Reading other people’s weblogs has a strange, almost voyeuristic, sense to it. They’re essentially online journals, which many people use as a recording of what’s happening in their lives, how they’re feeling, or what they did on a given day.
It is, in a sense, like you’ve stumbled across another person’s diary.
One of the funnier examples is the Naughty Milkmaid, written by a bored female dairy farmer whose marriage is falling apart. “I am sick of milking cows,” she writes in a typical entry. “The hours are long, the pay sucks, and the boss is a jerk.
“I am married to that jerk and have been for seven loooooong years.
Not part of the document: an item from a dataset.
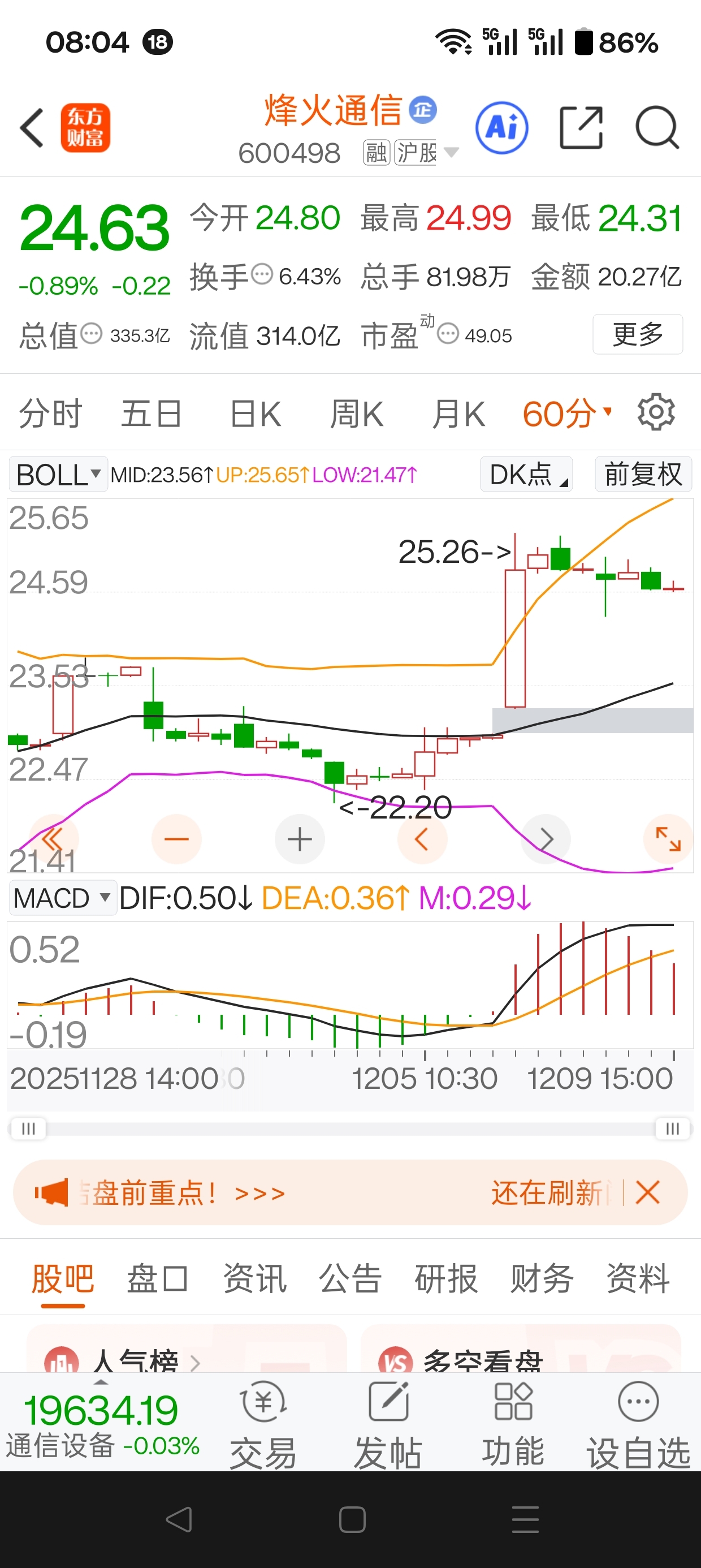 $烽火通信(SH600498)$ 九盘必跌,目前盘了七盘了。
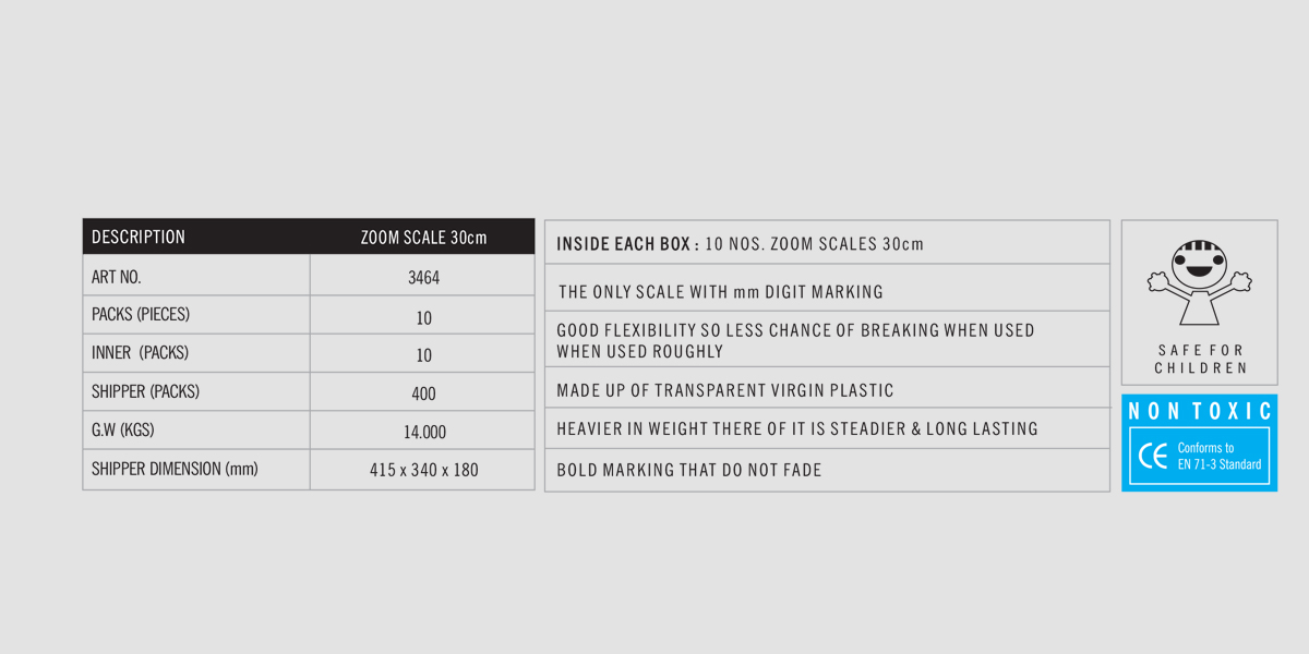 3464 – DOMS ZOOM SCALE 30cm: 10 PCS BOX

That is two years too long.”
Or you could choose to read The Rock And Roll Report, where the author collects bits and pieces of information about music bands and the music business.
For instance, I wouldn’t have known that Jim Cuddy of Blue Rodeo is starting “Rock Jocks,” a hockey team of Canadian rock-and-rollers who will play against a team of MPs next week in Ottawa.
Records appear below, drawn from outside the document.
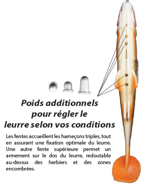 Cette version est conçue pour être armée avec un stinger (fournit dans le pack) et lestée avec des poids additionnels qui s’insèrent dans le corps (fournis dans le pack) ou une tête plombée vissable.
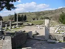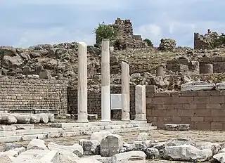 - Ciudad media, que ha conservado las murallas antiguas del tiempo de Átalo I. entre los edificios más notables estaban los gimnasios, construidos en 3 terrazas y el santuario de Deméter, mandado edificar por Filatero.
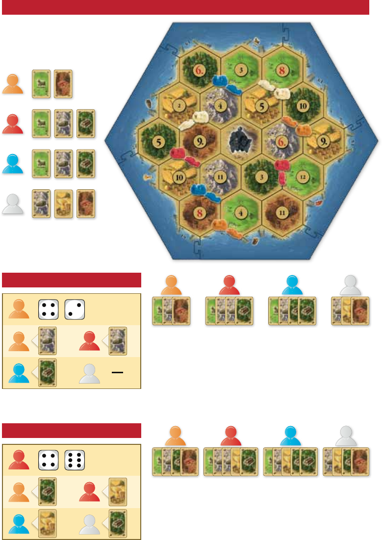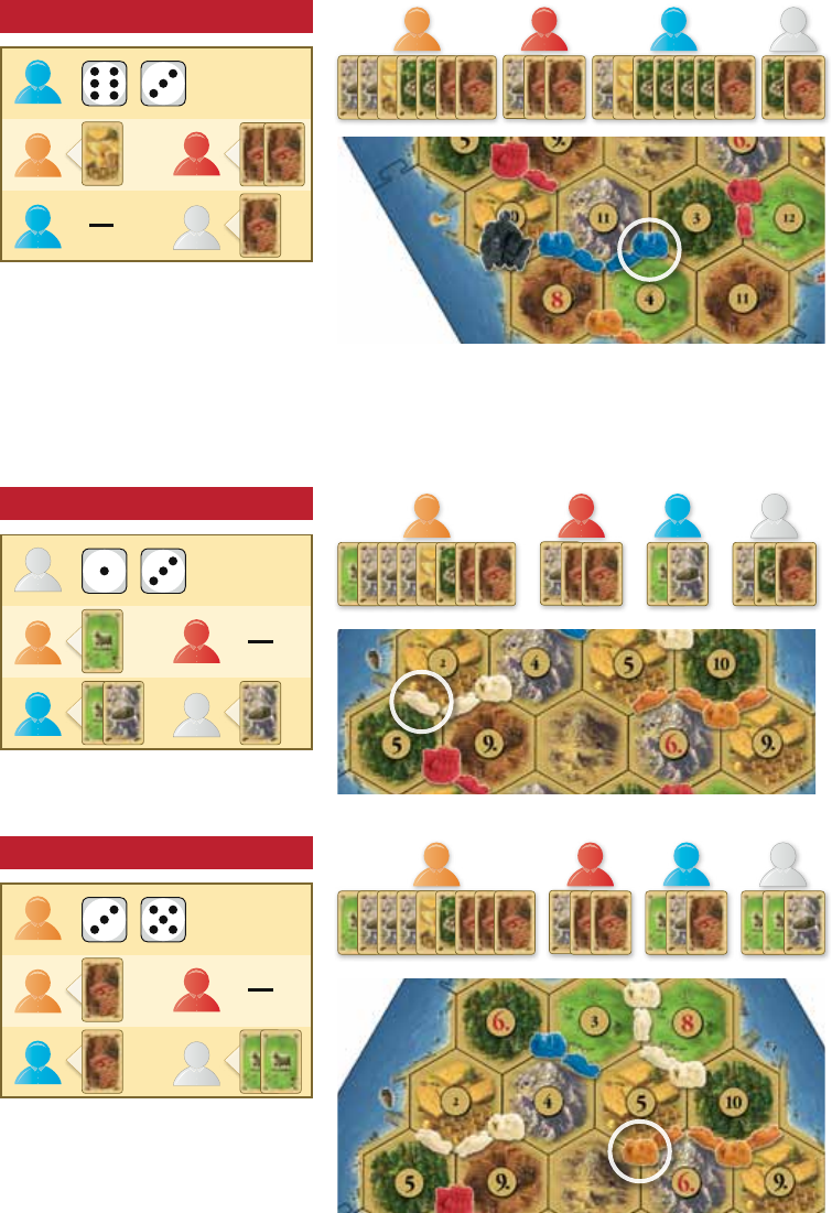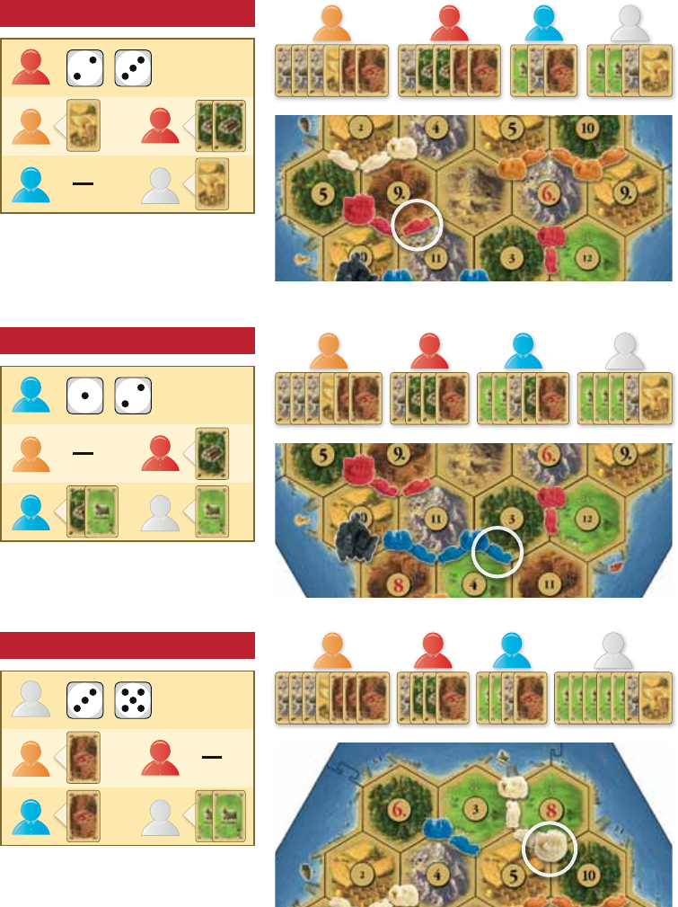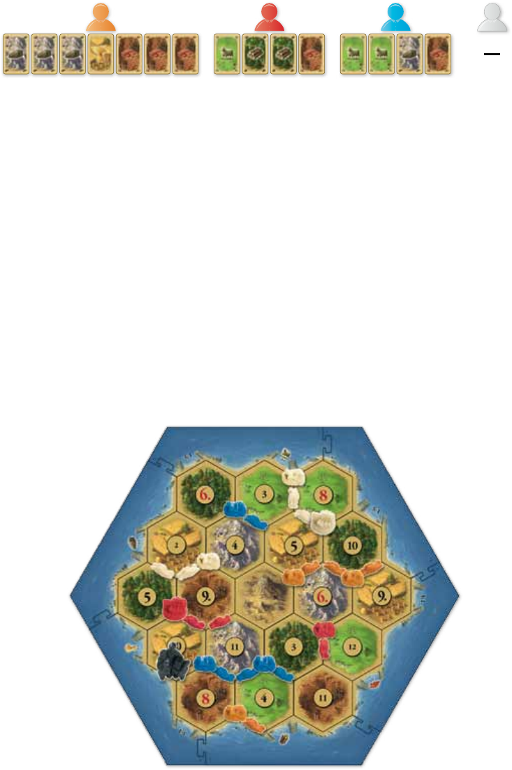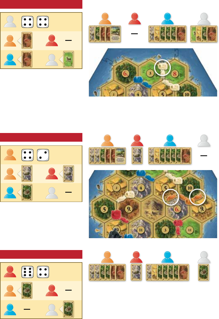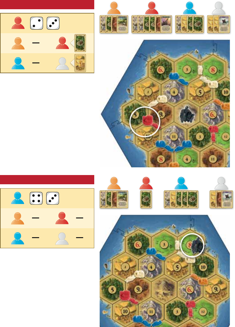 construir en breve 1 poblado. Así pues, el jugador blanco comercia con el jugador rojo 1 de lana a cambio de 1 de mineral. El jugador blanco

They’ll teach those politicians all about slashing services.
The great thing about ’blogs is their accessibility, and their flexibility. They can be used as a family or team communication tool, where everyone can post information.
You also can set them up privately, so only authorized people can read your posts.
So, are you ready to start your own ’blog? It’s easy—and it’s free, depending on where you go. The easiest and the cheapest has got to be, where you sign up for an account, walk through a few steps, and start writing.
For a more complex, but more customizable, blogging service, you can try Radio Userland. It installs blogging software right on your computer, so you don’t need to use your web browser to update your ’blog.
Radio Userland’s “Radio” software costs $40 (U.S.) per year to use.
For the technically-inclined, there’s also Movable Type, a very handy software packkage that has almost infinitely customizable features. I use Movable Type for my own, constantly outdated family weblog.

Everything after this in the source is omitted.